The Pastoral Center of Gravity
We like to say that God displays His almighty power in mercy and pity. They are comforting words, but how do we know they are true? We like it every week, when the angels on Touched by an Angel say to troubled human beings, "God loves you." They are comforting words, but how do we know they are true? Does God demonstrate to us clearly now that He will treat us with mercy on the great Day of His Judgment? All right thinking about humanity starts with that question. The renewal of our mind and the transformation of our character begin with that question.
The death of Christ answers that question. How can any of us have grounds for hope on the day of God's wrath, when He judges us impartially according to our actual deeds? The death of Christ was an atonement for the sins that separated us from God. His death makes it possible for God to absolve the people of Christ of guilt for their sins.
How do we know that God displays His almighty power in mercy and pity? The death of Christ displayed that mercy. How do we know that God loves us? The death of Christ embodies that love for all to see.
What do you say of a God, who acts thus toward His rebellious creatures? The only attribute that filled the apostle's heart was that of love; and when God's love occupies the command and control center of your whole being, it will seem that He did it all just for you. You will say with Paul, I live by faith in the Son of God, who loved me and gave himself for me.

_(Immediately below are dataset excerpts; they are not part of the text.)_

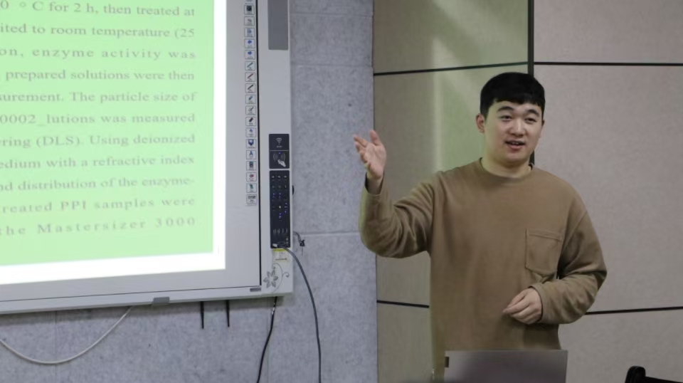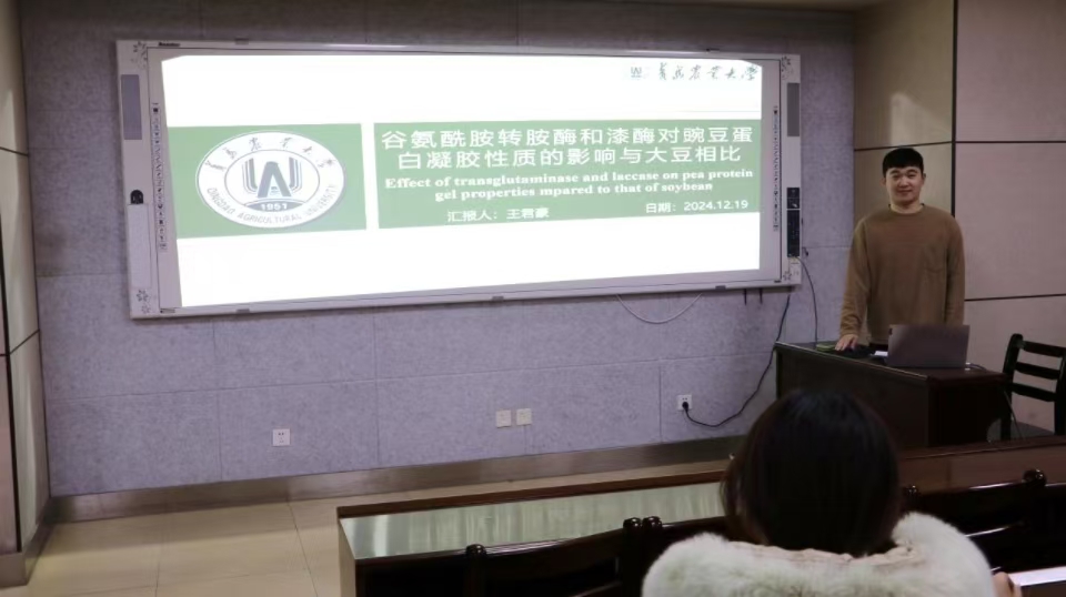 12月19日,公司举办了第三十六期“食学研讲”学术汇报活动。本次活动由食品加工与安全专业24级研究生王君豪主讲,他以“转谷氨酰胺转胺酶和漆酶对豌豆蛋白凝胶性质的影响与大豆蛋白的比较”为主题,探讨了植物蛋白凝胶性能的改进研究,吸引了众多师生参与。
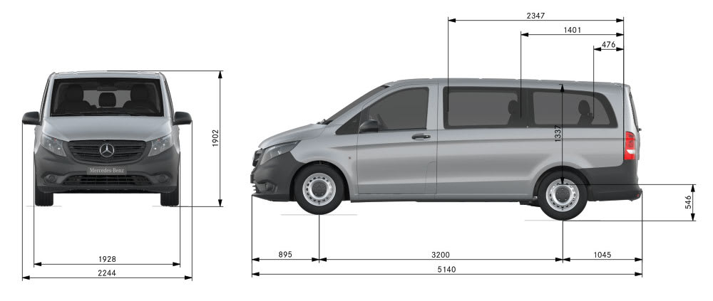 דגם מרצדס ויטו 114 מונגש מרחק סרנים 3,200 שלוחה קדמית 895 שלוחה אחורית 1,045 אורך כללי 5,140 רוחב כללי 1,928 גובה כללי 1,902 גובה פנימי 1,326 גובה דלת הזזה 1,220 רוחב דלת הזזה 837
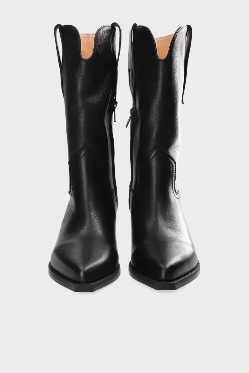 In Het Zwart. Middelhoge Texano Enkellaarzen Gemaakt Van Glad Leer. Slank Silhouet. Brede Schacht. Contrasterende Elementen Met Geborduurde Details. Rits Aan De Binnenkant. Kleurcontrasterende Binnenvoering. Treklussen Aan De Zijkant. Rechthoekig Gevormd, Spitse Neus. Gladde Zool Met Schuine Blokhak. Elegante Enkellaarsjes In Texano-Stijl.Onze Schoenen Zijn Ontworpen In Kopenhagen En Gemaakt In Europa. Het Leer Is Afkomstig Van Geselecteerde, Door Een Familie Gerunde Fabrieken In Italië.
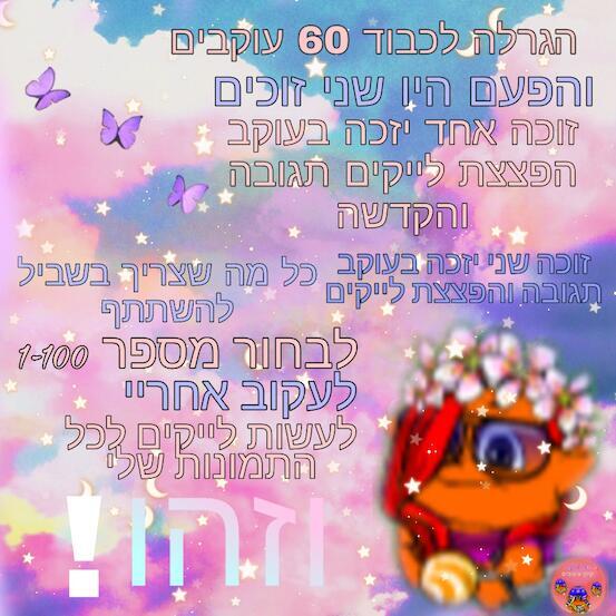 עשיתי הכוללללללל עוקבת מזמןןןןן מספר 15 אשמח עם תקדישי לי! |
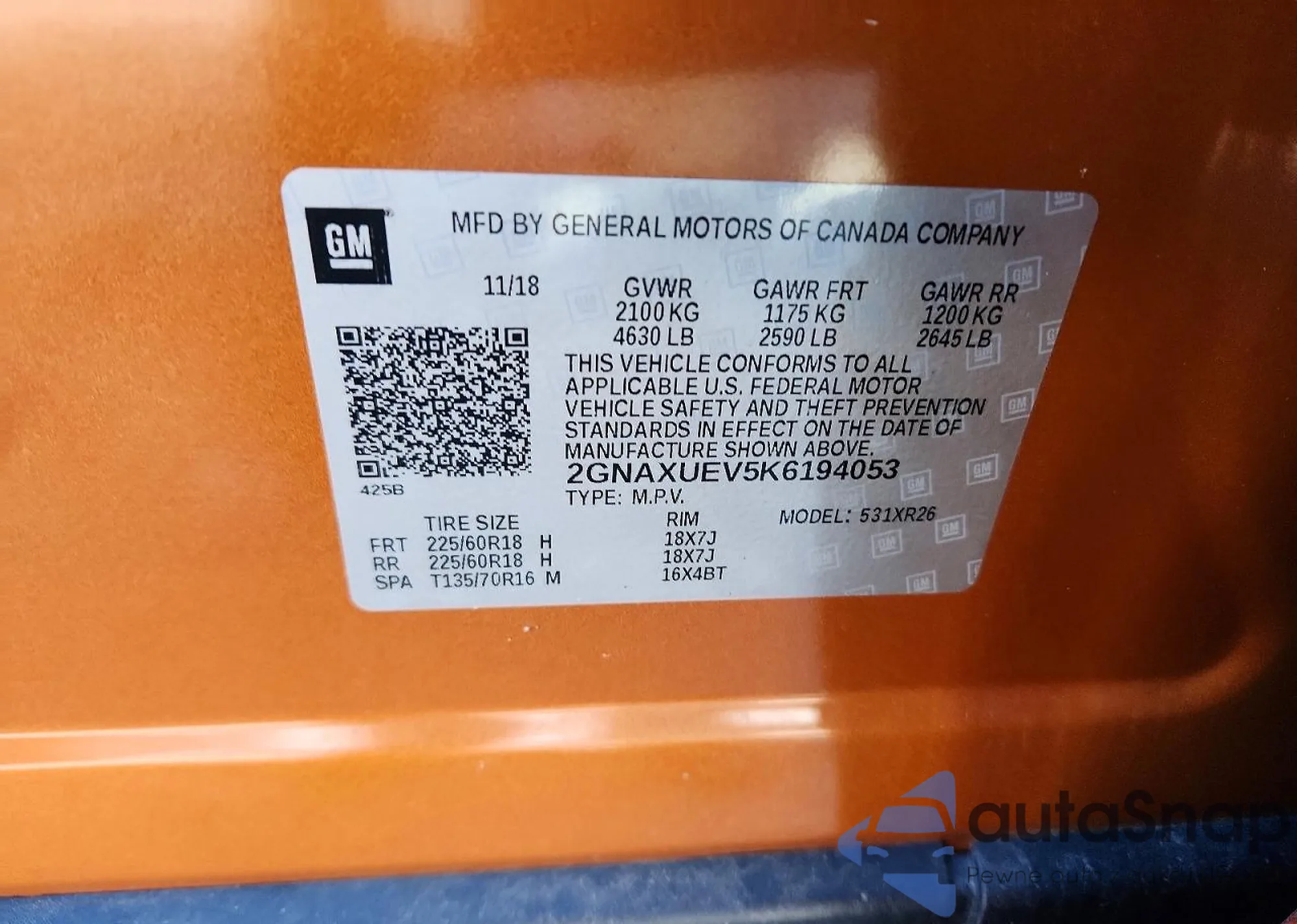 • VIN 2GNAXUEV5K6194053
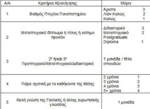 (β) Καλή γνώση της Γαλλικής ή άλλης ευρωπαϊκής γλώσσας, αποτελεί πλεονέκτημα.
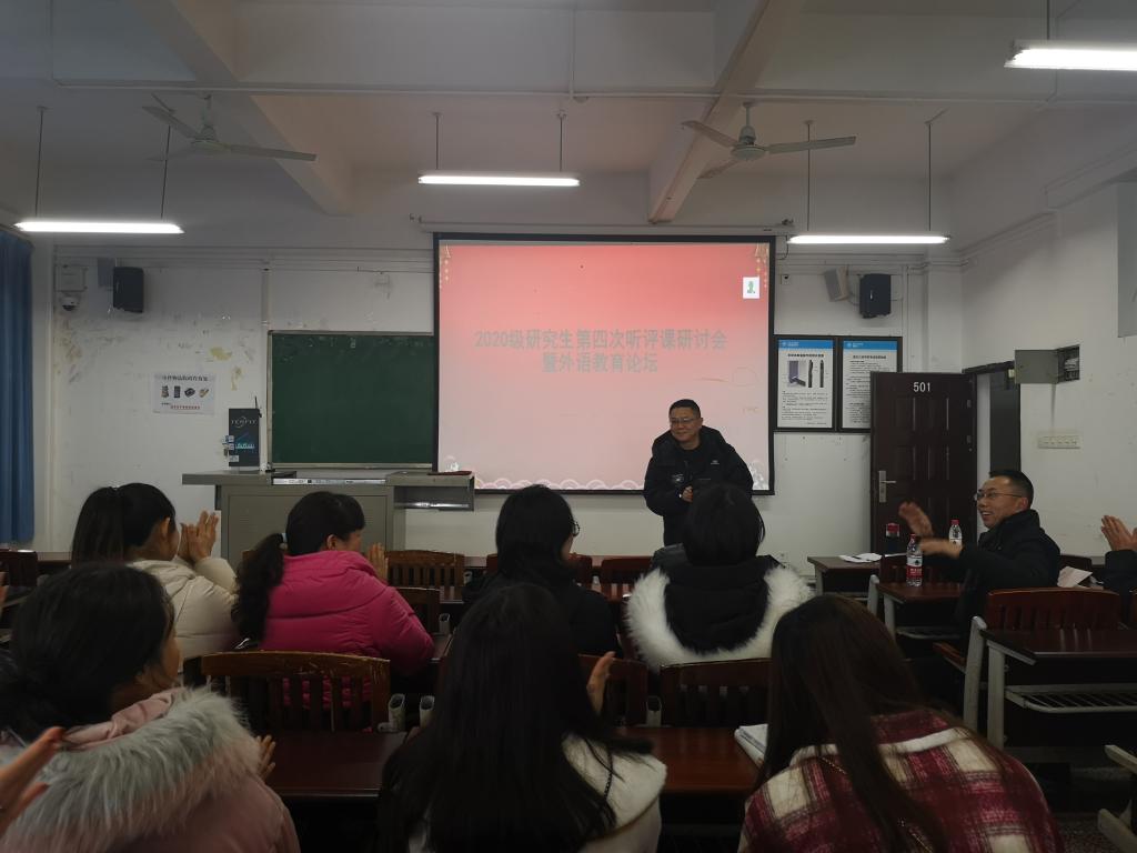 为培养员工自身文化素养,提高科研教学能力,mjm世界杯官网于2020年12月24日在明辨楼一栋604及501分两组举办了2020级研究生第四次听评课研讨会暨外语教育论坛。其中参会人员有2020级全体研究生、校内外导师、任课教师以及外语教育论坛负责人。
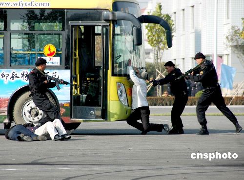 11月12日,山东潍坊公安机关苦练基本功暨反恐演练汇报表演在该市警官培训基地举行,内容包括队列分列式表演、警务各项技能表演、多警种联合反恐作战演练等三项内容。中新社发 田源 摄
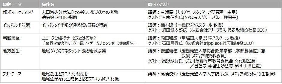 ・講義テーマ:「観光マーケティング」、「インバウンド対策」、「新観光業」、「地方創生」、「フリーテーマ」
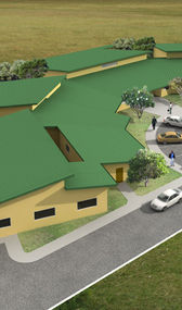 Construction de l'agence Enercal de Koné, avec ateliers techniques destinés à l'entretien du réseau électrique et bureaux d'accueil clients. Parkings et espaces végétalisés.
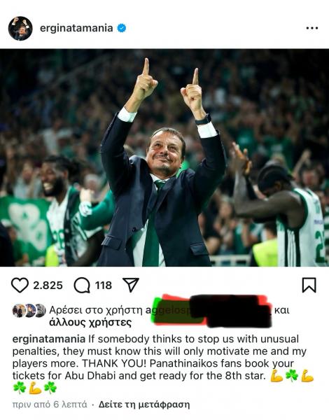 «Απασφάλισε» ο Αταμάν μετά την τιμωρία του Ναν… (ΦΩΤΟ) 11/12/2024 Ο Εργκίν Αταμάν μετά την τιμωρία του Κέντρικ Ναν από την Euroleague έστειλε το μήνυμα προς τον κόσμο του Παναθηναϊκού για το 8ο ευρωπαϊκό. Aναλυτικά η ανάρτησή του: «Αν κάποιος σκεφτεί να μας σταματήσει με ασυνήθιστες ποινές, πρέπει να ξέρει ότι αυτό θα δώσει κίνητρο μόνο εμένα και τους παίκτες μου περισσότερο. ΕΥΧΑΡΙΣΤΩ! Οπαδοί του Παναθηναϊκού κλείστε εισιτήρια για το Άμπου Ντάμπι και ετοιμαστείτε για το 8ο αστέρι». ΔΙΑΒΑΣΤΕ ΕΠΙΣΗΣ
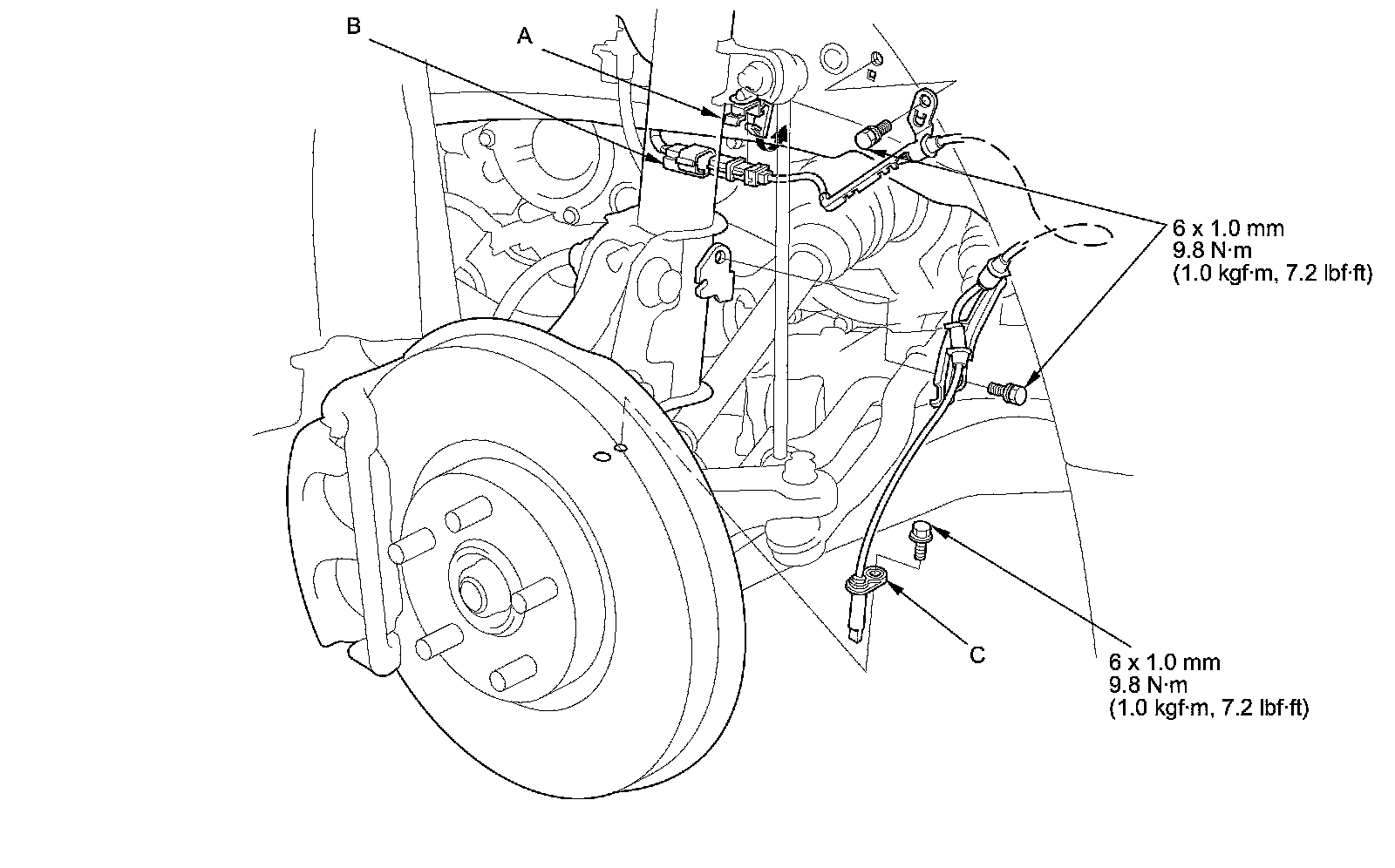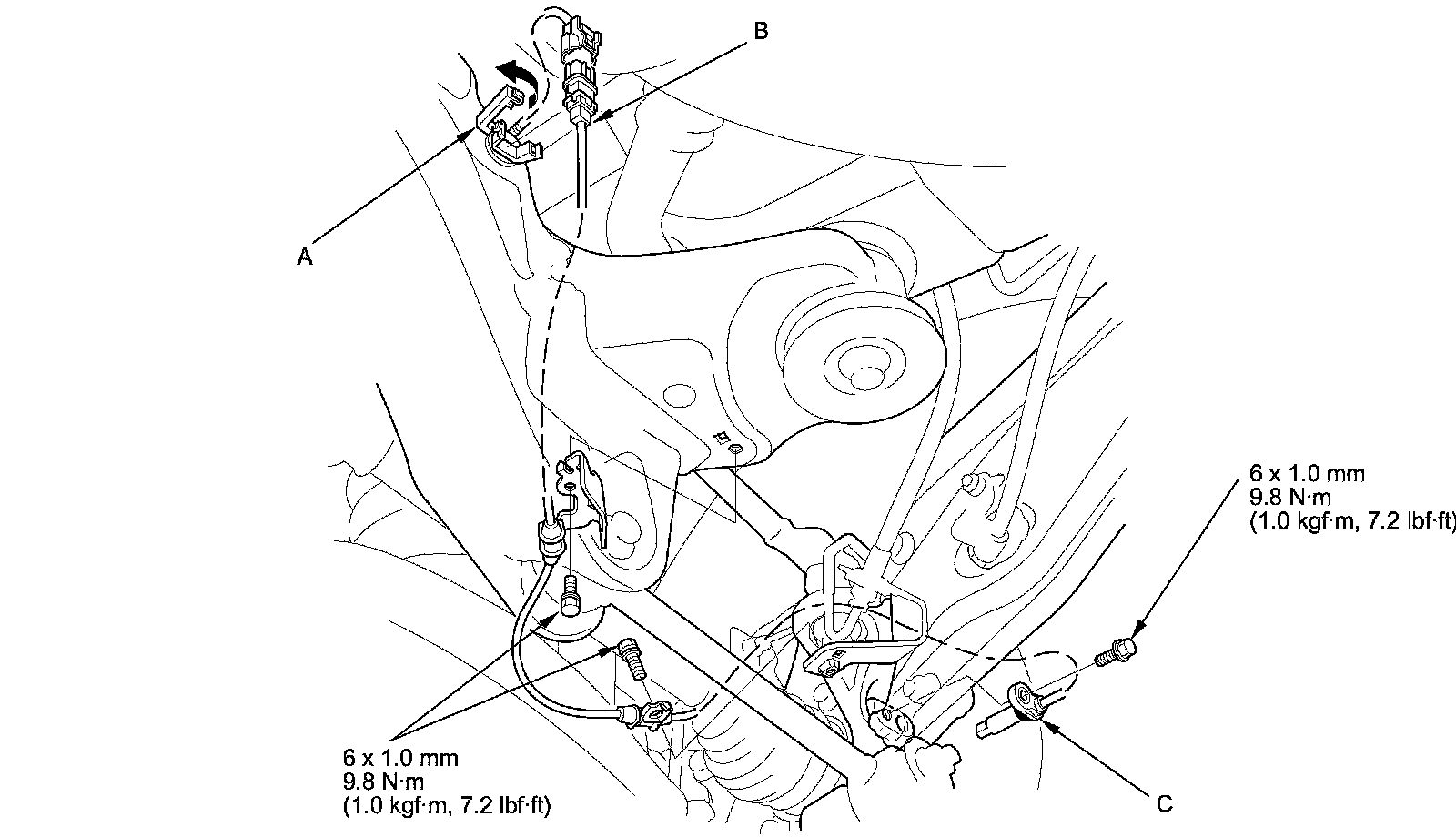 4. Install the wheel speed sensor in the reverse order of removal, and note these items:
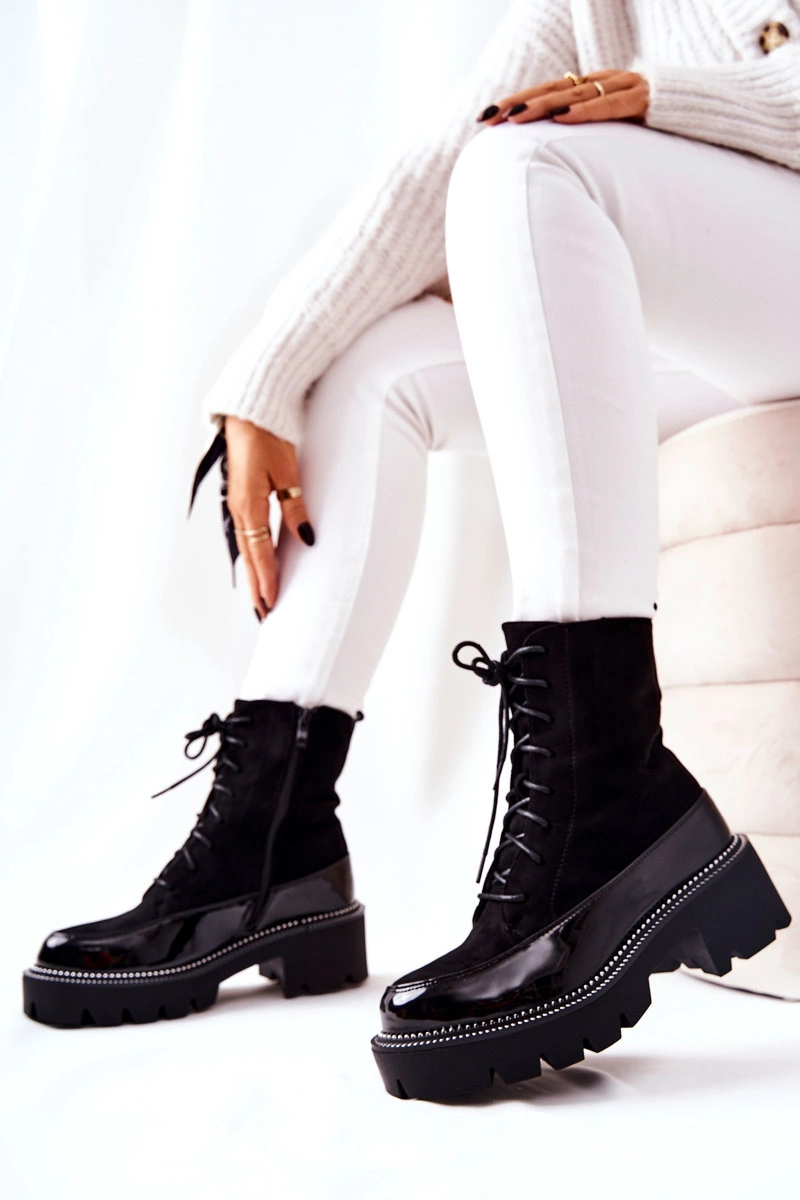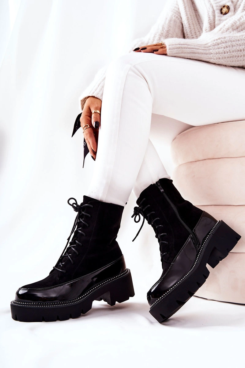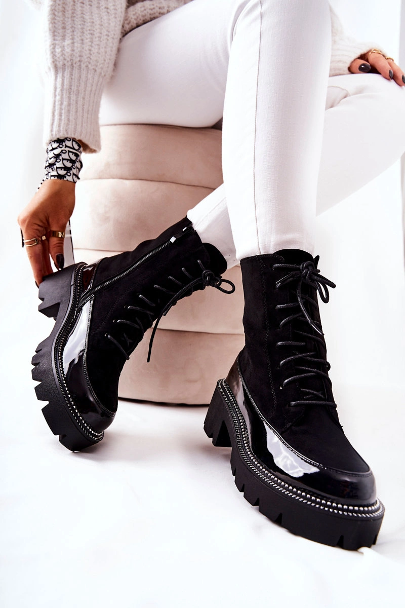 Botki wykonane z zamszowej skóry ekologicznej oraz częściowo lakierowanej. Suwak na boku ułatwi zakładanie. Ocieplane w środku kocem obuwniczym. Posiadają zdobienia przy podeszwie oraz stabilny, płaski obcas.Będziesz w nich wyglądać bardzo stylowo, dlatego nie czekaj i kup już dziś! Przy wyborze rozmiaru prosimy sugerować się tabelą rozmiarów.

Jesus Christ in His life and, decisively in His death and resurrection, is the permanent and material sign of God's merciful intentions toward humanity. He offers His mercy regardless of moral failure or religious merit. He offers it to all, who will trust His merciful intentions, as He has demonstrated them in Jesus Christ.
Trust Him. Trust His intentions. We here do trust Him. Hundreds of churches in the Brandywine Valley trust Him. That is why by the authority invested in me by Jesus Christ, I can say that our guilt is absolved; we no longer walk an empty way of life through this world; we are incorporated into the people of Christ with all the privileges and obligations that go with it; we have the good hope of a resurrection of the body with which to enjoy a renewed nature. The renewal of our mind and the transformation of our character arise majestically from this foundation.